Omit the images and reproduce the rest of the entries exactly.

Dataset entries
--------------------

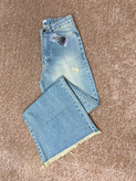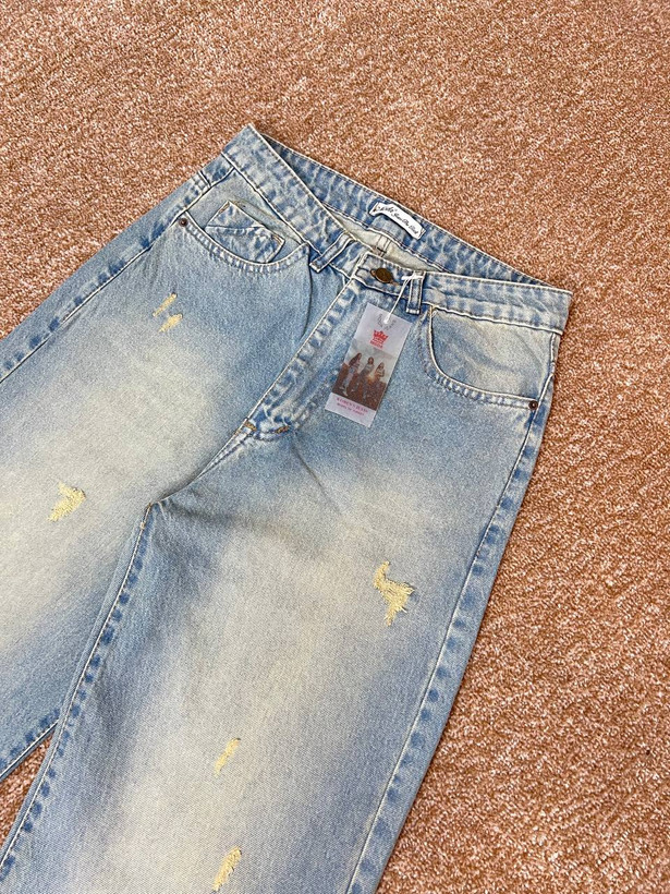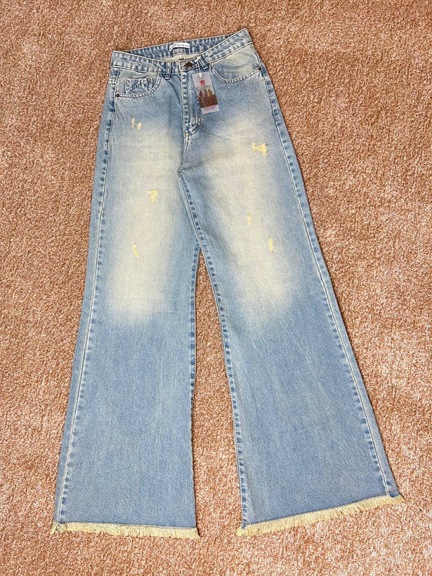 شلوار جین زنانه فول بگ آبی وسط پایین ریش قد ۱۱۰ کد ۴۰۳۱۱۶۶
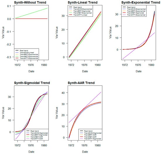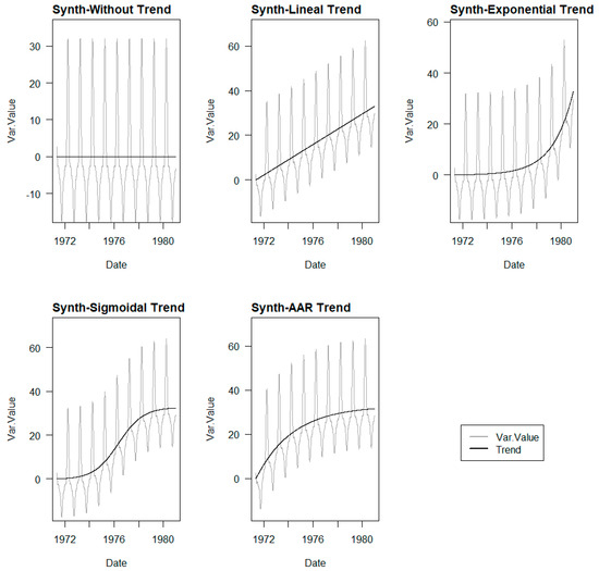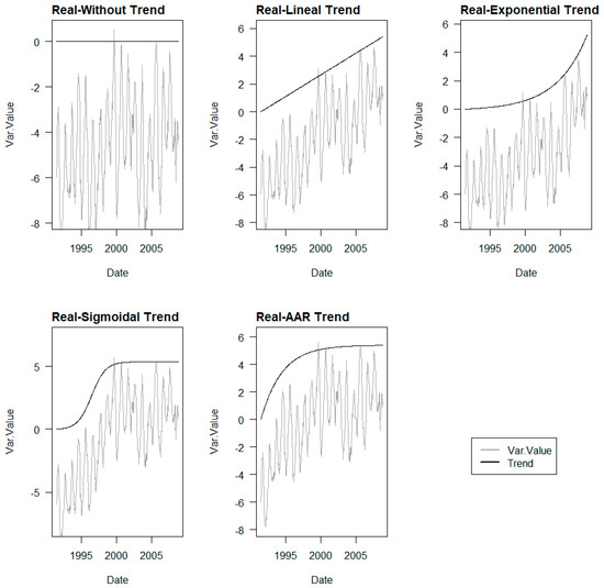 As indicated, to evaluate the trend identification capability of the different ML methods analysed, it is necessary to have series where the trend is known. To achieve this, the approach is to create stationary series to which the irreversible term of the predefined trend is added, thus creating time series with known trends.
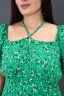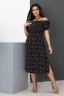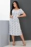 Платье женское полуприталенного силуэта, короткий рукав, округлая горловина с декоративными завязками, на передней полочке разрез снизу. Вид застежки скрытая молния сбоку. Легкое и удобное.
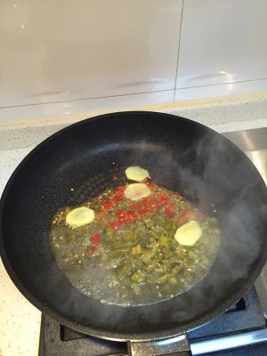 热锅热油,下姜片爆香,然后下两种剁椒。应该还有海南黄剁椒的,没买到,所以不放。
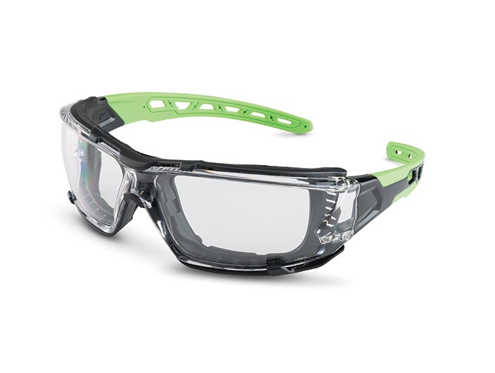 BRASS KNUCKLE BKDST-1010N Safety Glass, Clear Lens, Green Accent, Black Frame, Anti Fog
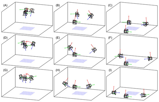 To evaluate the camera layouts, tests were conducted with various configurations, all maintaining the same distance to a single target position, as illustrated in Figure 6. In other words, the cameras in the simulated scenarios, Figure 6A–I, are positioned on a common spherical surface. The nine camera layouts form a matrix of scenarios. In each column of the matrix, all cameras are placed at the same height relative to the target position, corresponding to the same polar angle, , relative to the sphere’s central axis. In each row, the layouts share the same azimuthal angle distribution, , on the sphere. For consistency, one camera is always located on the symmetry plane, while the other two are symmetrically distributed on either side. The azimuthal distribution angle, , defines the angle between the first camera and the other two cameras.
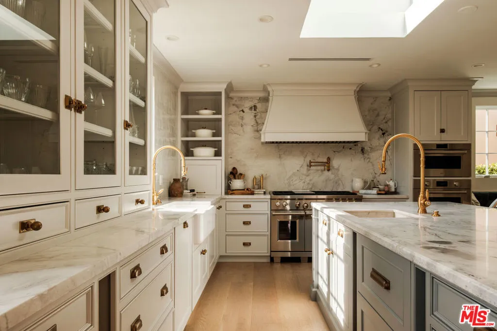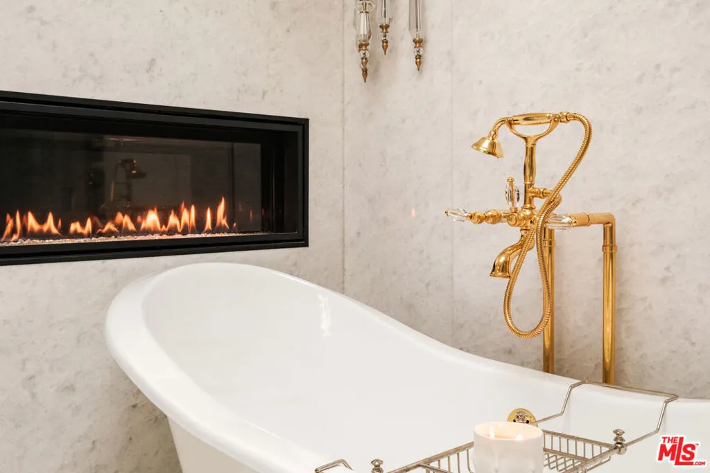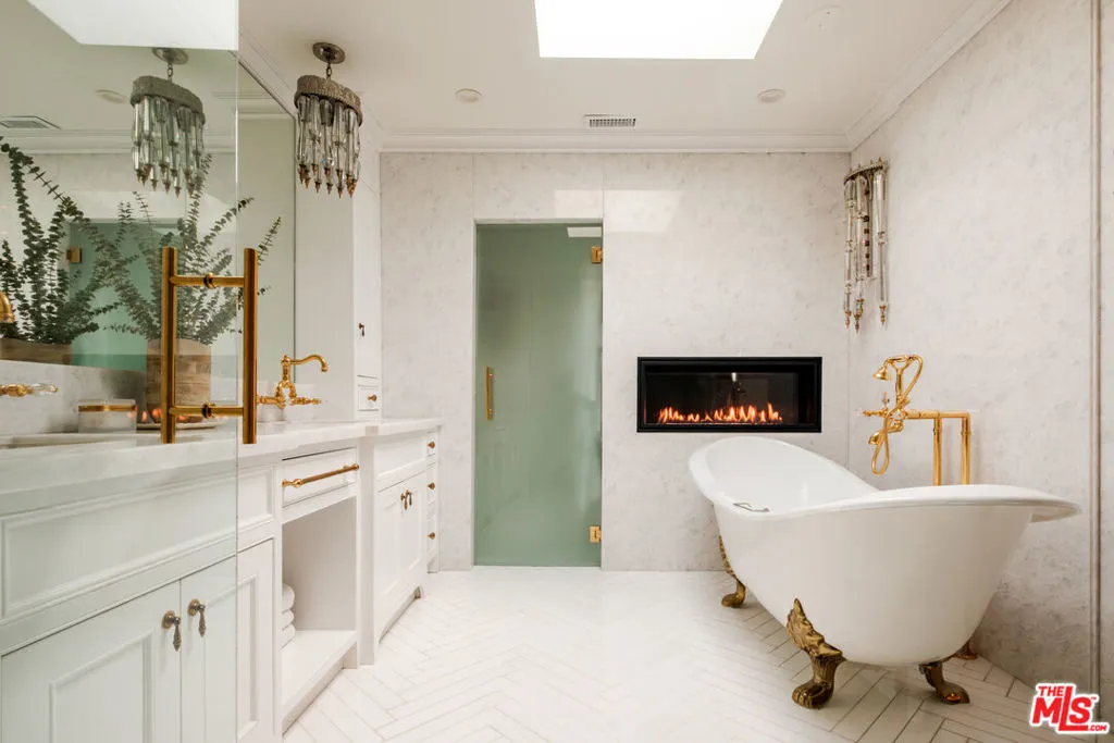 An Iconic French Regency Estate in the Hills of Tarzana! Can be rented Fully Furnished. High above the valley floor where the city lights shimmer like scattered diamonds, this enchanting near 6,000 sq ft French Regency estate awaits rich with history, wrapped in elegance, and crafted for those who savor life’s most beautiful moments. A home not merely lived in, but loved. Inside, every detail speaks of artistry. The chef-inspired kitchen is a place where memories are made, an Italian marble clad masterpiece with professional Wolf appliances, a secret walk-in pantry, a generous center island, and a sunlit breakfast nook that invites lingering over morning coffee as the world awakens below. A hidden door of vintage brass once belonging to the Academy ushers you into the estate’s private theatre, where the charm of Old Hollywood is reborn. Velvet shadows, a glowing bar, and nostalgic Nick Alain lighting create the perfect stage for evenings of laughter, stories, and film. The primary suite is a sanctuary of warmth and wonder. A private den and flickering marble fireplace set the tone for quiet nights in. A handsome office offers its own marble hearth ideal for inspiration to find you. Two bespoke dressing closets guide you into a spa-like haven where a pedestal tub with fireplace and professional grade double steam room shower with blu tooth, red light and eucalyptus inviting indulgent escapes. Wake each morning to the sun kissing the mountains, lose yourself in the romance of endless valley views. The heart of the home beats through its grand spaces, a dining room made for candlelit celebrations, a great room with soaring ceilings and French doors that open to the sky, and a welcoming family room where yet another fireplace dances in the evening glow. Outside, the magic continues. Wander through lush, private grounds. Share unforgettable feasts prepared in the outdoor kitchen and bar with multiple grills and stone pizza oven. Swim beneath sunlit skies or gather at the fire pit beneath the stars as the valley stretches out like a painted backdrop. This is more than an estate. It is a place where legends linger. Where beauty stands still. Where every day feels like a page from a timeless love story. Welcome home.

--------------------

- _Output of the exercise_:
 شلوار جین زنانه فول بگ آبی وسط پایین ریش قد ۱۱۰ کد ۴۰۳۱۱۶۶
 As indicated, to evaluate the trend identification capability of the different ML methods analysed, it is necessary to have series where the trend is known. To achieve this, the approach is to create stationary series to which the irreversible term of the predefined trend is added, thus creating time series with known trends.
 Платье женское полуприталенного силуэта, короткий рукав, округлая горловина с декоративными завязками, на передней полочке разрез снизу. Вид застежки скрытая молния сбоку. Легкое и удобное.
 热锅热油,下姜片爆香,然后下两种剁椒。应该还有海南黄剁椒的,没买到,所以不放。
 BRASS KNUCKLE BKDST-1010N Safety Glass, Clear Lens, Green Accent, Black Frame, Anti Fog
 To evaluate the camera layouts, tests were conducted with various configurations, all maintaining the same distance to a single target position, as illustrated in Figure 6. In other words, the cameras in the simulated scenarios, Figure 6A–I, are positioned on a common spherical surface. The nine camera layouts form a matrix of scenarios. In each column of the matrix, all cameras are placed at the same height relative to the target position, corresponding to the same polar angle, , relative to the sphere’s central axis. In each row, the layouts share the same azimuthal angle distribution, , on the sphere. For consistency, one camera is always located on the symmetry plane, while the other two are symmetrically distributed on either side. The azimuthal distribution angle, , defines the angle between the first camera and the other two cameras.
 An Iconic French Regency Estate in the Hills of Tarzana! Can be rented Fully Furnished. High above the valley floor where the city lights shimmer like scattered diamonds, this enchanting near 6,000 sq ft French Regency estate awaits rich with history, wrapped in elegance, and crafted for those who savor life’s most beautiful moments. A home not merely lived in, but loved. Inside, every detail speaks of artistry. The chef-inspired kitchen is a place where memories are made, an Italian marble clad masterpiece with professional Wolf appliances, a secret walk-in pantry, a generous center island, and a sunlit breakfast nook that invites lingering over morning coffee as the world awakens below. A hidden door of vintage brass once belonging to the Academy ushers you into the estate’s private theatre, where the charm of Old Hollywood is reborn. Velvet shadows, a glowing bar, and nostalgic Nick Alain lighting create the perfect stage for evenings of laughter, stories, and film. The primary suite is a sanctuary of warmth and wonder. A private den and flickering marble fireplace set the tone for quiet nights in. A handsome office offers its own marble hearth ideal for inspiration to find you. Two bespoke dressing closets guide you into a spa-like haven where a pedestal tub with fireplace and professional grade double steam room shower with blu tooth, red light and eucalyptus inviting indulgent escapes. Wake each morning to the sun kissing the mountains, lose yourself in the romance of endless valley views. The heart of the home beats through its grand spaces, a dining room made for candlelit celebrations, a great room with soaring ceilings and French doors that open to the sky, and a welcoming family room where yet another fireplace dances in the evening glow. Outside, the magic continues. Wander through lush, private grounds. Share unforgettable feasts prepared in the outdoor kitchen and bar with multiple grills and stone pizza oven. Swim beneath sunlit skies or gather at the fire pit beneath the stars as the valley stretches out like a painted backdrop. This is more than an estate. It is a place where legends linger. Where beauty stands still. Where every day feels like a page from a timeless love story. Welcome home.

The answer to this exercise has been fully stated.